▶ [Raw data]
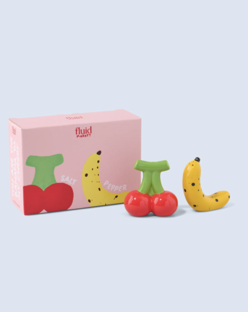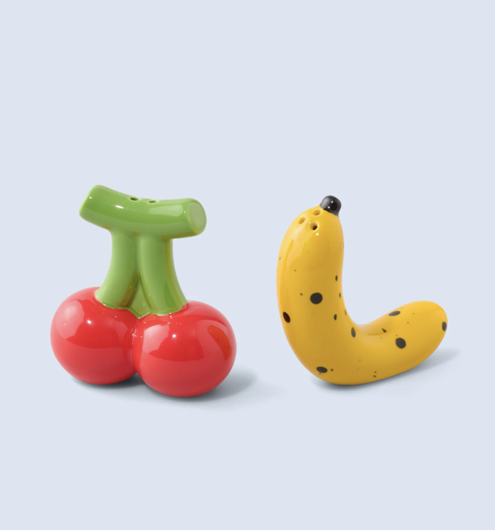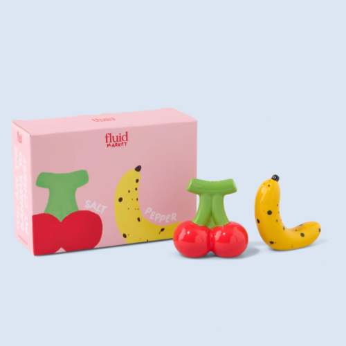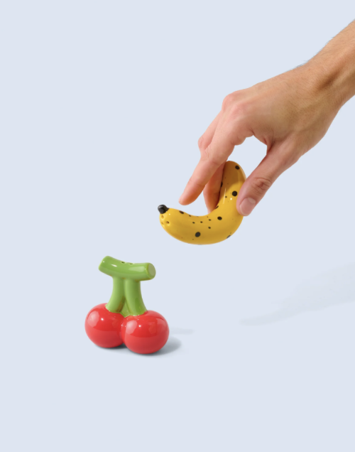 Ontdek deze originele peper en zout set met een knipoog naar alledaagse voorwerpen of voedingsmiddelen. Een fruitig duo op je tafel?
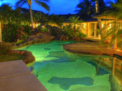 | La finca cuenta con varias piscinas. La de la imagen, imita a una laguna tropical. |
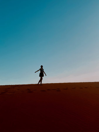Woman silhouette enjoy sand dunes in desert in sunset blue hour alone. Travel lifestyle and wellness concept. Cinematic wanderlust background
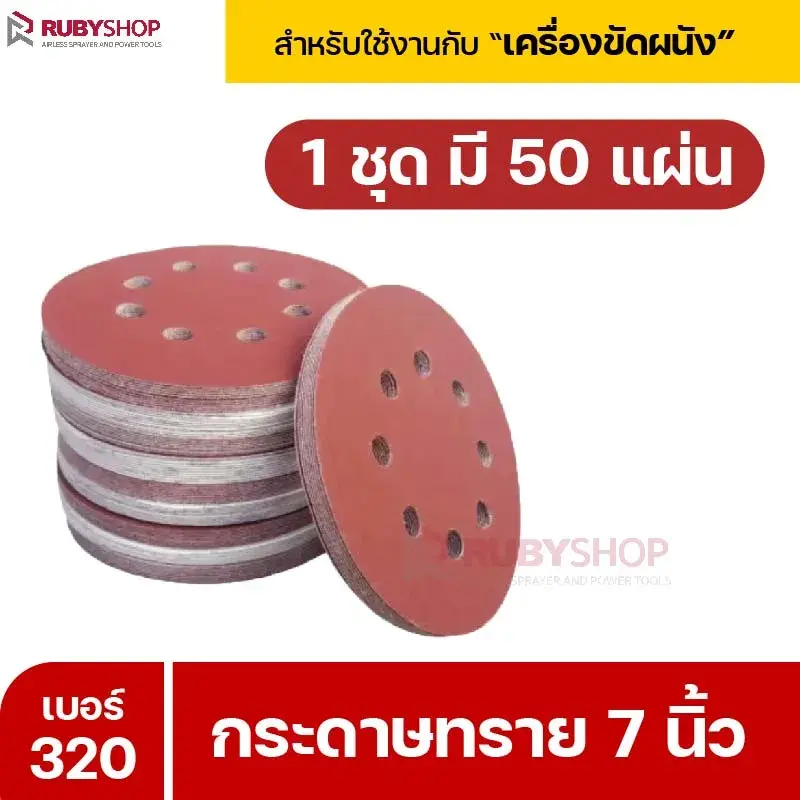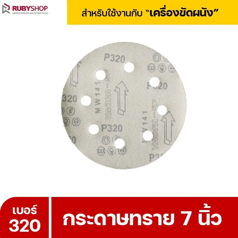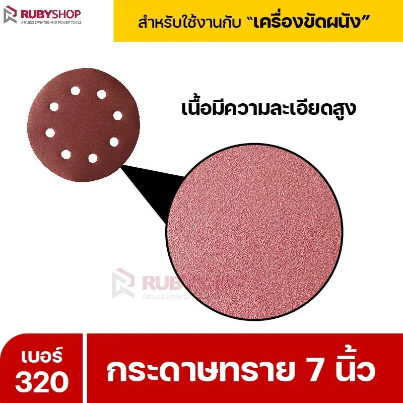 RUBYSHOP กระดาษทราย 50 แผ่น เบอร์ 320 ขนาด 7 นิ้ว สำหรับเครื่องขัดผนัง รุ่น RB-DWS-180S

▶ [Exercise requirements] The job is to return the listing above exactly, minus its pictures.

▶ [Reply to the task]
 Ontdek deze originele peper en zout set met een knipoog naar alledaagse voorwerpen of voedingsmiddelen. Een fruitig duo op je tafel?
 | La finca cuenta con varias piscinas. La de la imagen, imita a una laguna tropical. |
Woman silhouette enjoy sand dunes in desert in sunset blue hour alone. Travel lifestyle and wellness concept. Cinematic wanderlust background
 RUBYSHOP กระดาษทราย 50 แผ่น เบอร์ 320 ขนาด 7 นิ้ว สำหรับเครื่องขัดผนัง รุ่น RB-DWS-180S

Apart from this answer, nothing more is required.